ON CHOISIT SON FORMAT
Quoi qu'il en soit cependant, les vidéos, de factures très diverses, présentées au Magasin, sont pour le coup très efficaces. Le coup de coeur va à Sylvie Fleury, née en 1961, et qui vit et travaille à Genève avec une oeuvre de sept minutes appelée Strange Fire possédant la singulière faculté de s'imposer très fortement dans la mémoire. On n'arrive pas à l'oublier. Le propos est pourtant assez simple puisque l'action se résume à ce que l'artiste, dont on ne voit que les jambes, au-dessous du genou, et les très hauts talons, piétine des boules de Noël en verre jusqu'à toutes les réduire en éclats. C'est totalement gratuit, sans but, semble-t-il, et profondément réussi car tout à la fois jubilatoire et inquiétant comme une marche sur le fil d'un rasoir, ou encore les danses douloureuses de la petite sirène quand chacun de ses pas vers les bras du prince perce ses pieds de mille aiguilles.
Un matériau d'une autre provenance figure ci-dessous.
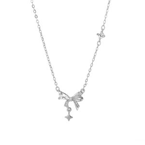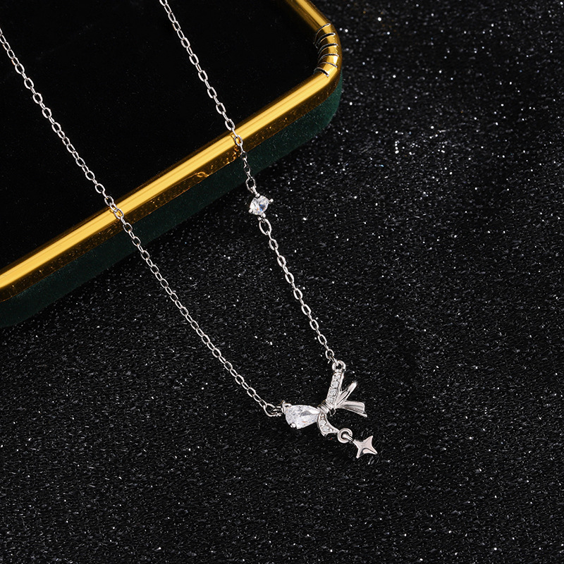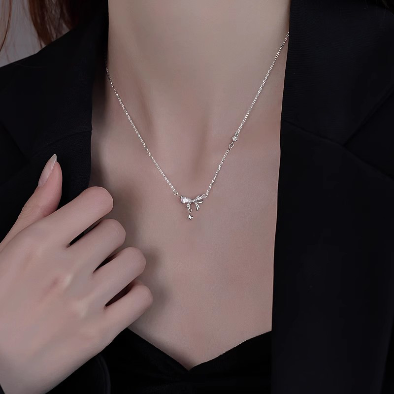 Sterling silver bow necklace for women, fresh and elegant zircon fairy-style choker, fashionable starburst collarbone chain.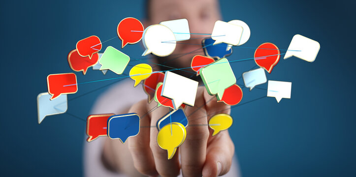 An abstract illustration featuring a hand touching a network of interconnected chat bubbles, symbolizing digital communication and online intera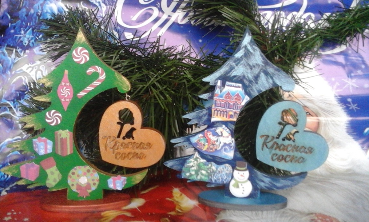 Волонтеры приюта «Красная сосна» занимаются не только социализацией и пристройством собак. Каждый раз, когда заболевает очередная собака, мы думаем, как добыть средства на лечение. Мы не только просим в соц.сетях помощи, но и работаем руками. Кто-то вяжет зверушек, кто-то проводит аукционы. Одной из статей дохода стала продажа новогодних сувениров. Их придумали мастерить наши затейники — Валерия и Алексей. Ребята рисуют макеты, каждый год добавляется что-то новое. Затем заказывают заготовки, а потом начинается полет мысли небольшой команды умельцев.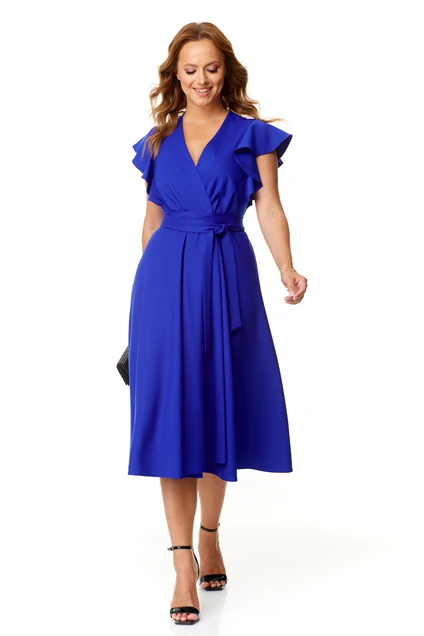 Элегантное соблазнительное платье из плотной непрозрачной ткани, отрезное по талии. Застегивается на две потайные кнопки с глубоким запахом. По спинке средний шов. Плечо прикрывает волан. Юбка «полусолнце» распахивается по переду. Пояс съемный длинный.

Candice Breitz, en montrant dans huit écrans, si l'on a bien compté, des hommes et des femmes de différents pays du tiers-monde, chantant dans un karaoké la même chanson, interpelle quant à elle les modèles culturels, tout en suscitant l'émotion devant ces chanteurs et ces chanteuses qui mettent toute leur âme dans cette interprétation d'oeuvres tristement banales, un peu comme dans une Star Ac qui aurait du coeur et de l'intelligence.
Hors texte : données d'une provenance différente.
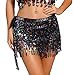 ✨Package Contents: 1 shiny sequin skirt for women. Above knee belly dance hip scarf is a good choice to wear by yourself, the unique feminine glitter skirt is also a great gift for your family and friends.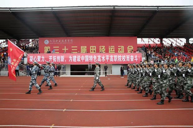 8点30分,校长曾青生宣布九江职业技术学院第三十三届田径运动会开幕!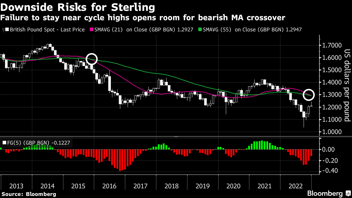 “The UK is in the vanguard of economies lurching into recession,” said John Hardy, head of FX strategy at Saxo Bank. “The combination of a heel-dragging BOE on further tightening and an austere fiscal picture could set up further declines” in the pound.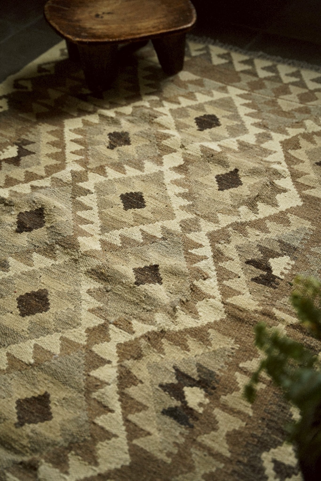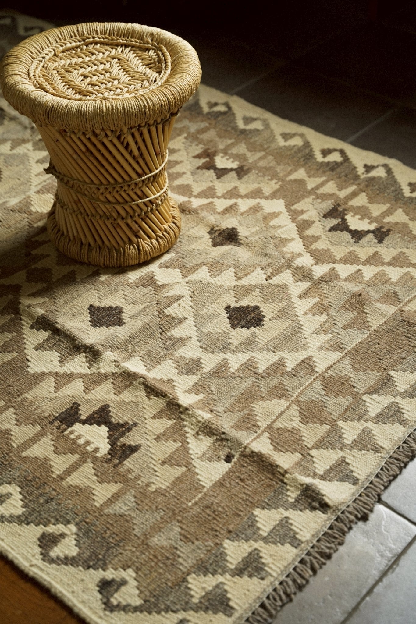 これからの季節にもピッタリな毛足がない平織りのキリムでお部屋の模様替えをしてみませんか?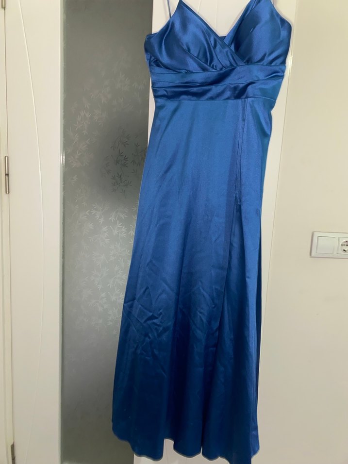 Mavi, parlak dokulu, drapeli ve V yakalı, uzun abiye elbise. Sadece 1 gece kullanıldı 42 44 beden arasıdır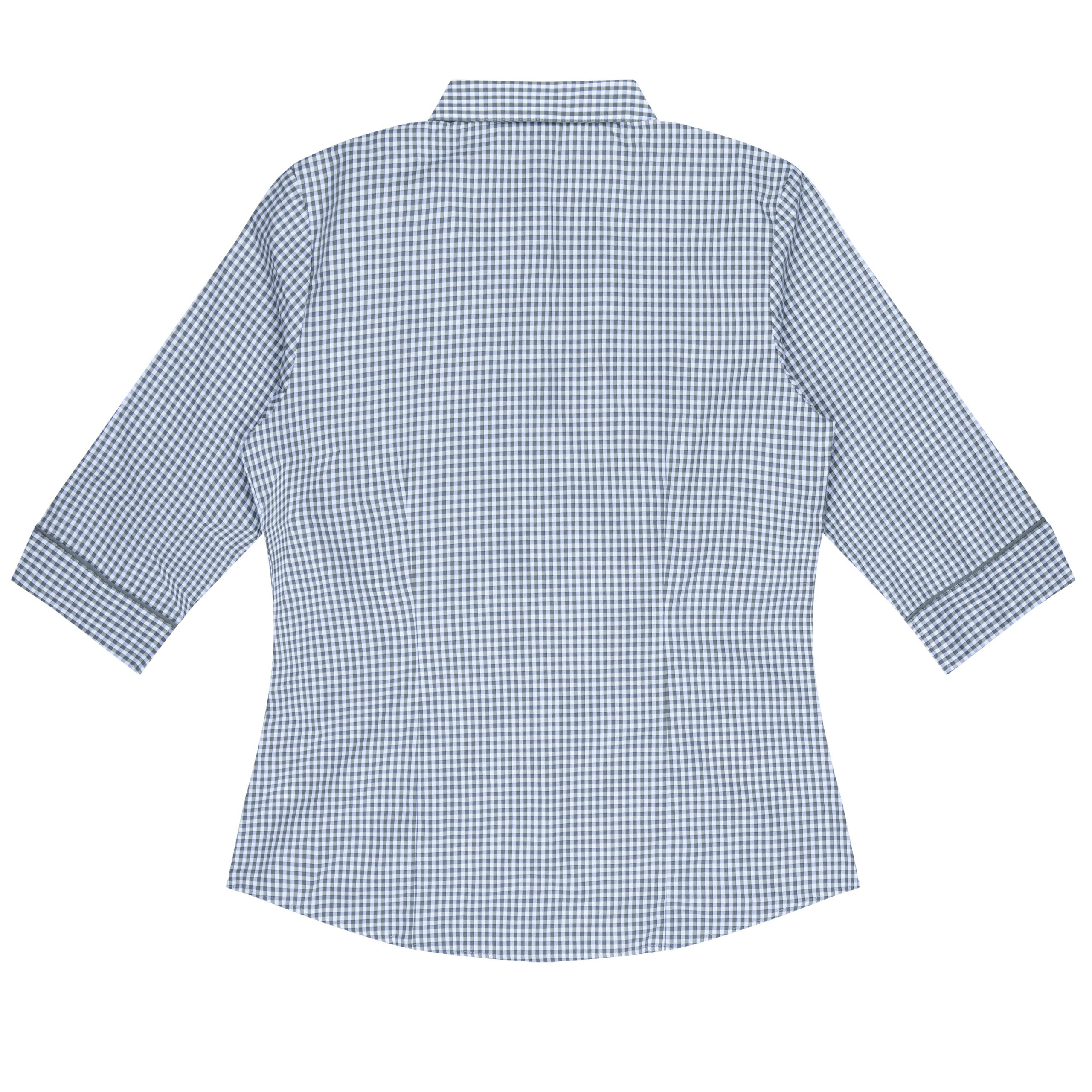 Edge stitched placket with tonal tape trim on under button placket and long sleeve cuff.

Francesco Vezzoli, dans le registre baroque qui est le sien, filme magnifiquement l'étrange solitude d'une femme, dans un jeu de miroirs, de reflets, une sorte de monde parallèle d'où l'on appellerait au secours pour retrouver un semblant de réalité, pour échapper à la mort, comme dans ces rêves où l'on crie sans qu'aucun son ne s'entende.
Shirin Neshat, Iranienne qui travaille aux États-Unis, filme la fugue onirique et tragique d'une jeune prostituée qui ne peut échapper à la souillure du corps comme au mensonge religieux...
Le Magasin, pour chacune de ces oeuvres et bien d'autres qu'on ne peut citer, a respecté les dispositifs voulus par les auteurs avec des espaces différents, des écrans différents simples ou multiples. Chacun d'entre eux a choisi son format, ce qui n'est pas un détail mais aussi une profonde différence d'avec la télé ou le cinéma.

ALLIER PEINTURE ET VIDEO
Le Magasin expose, dans le même temps, des oeuvres liées à la sphère punk aux États-Unis et particulièrement à Detroit, dans les années soixante-dix où elle connut une force particulière dans une capitale de l'automobile en proie à la crise. Il s'agit notamment d'une installation alliant peinture et vidéo de Mike Kelley, Cary Loren et Jim Shaw.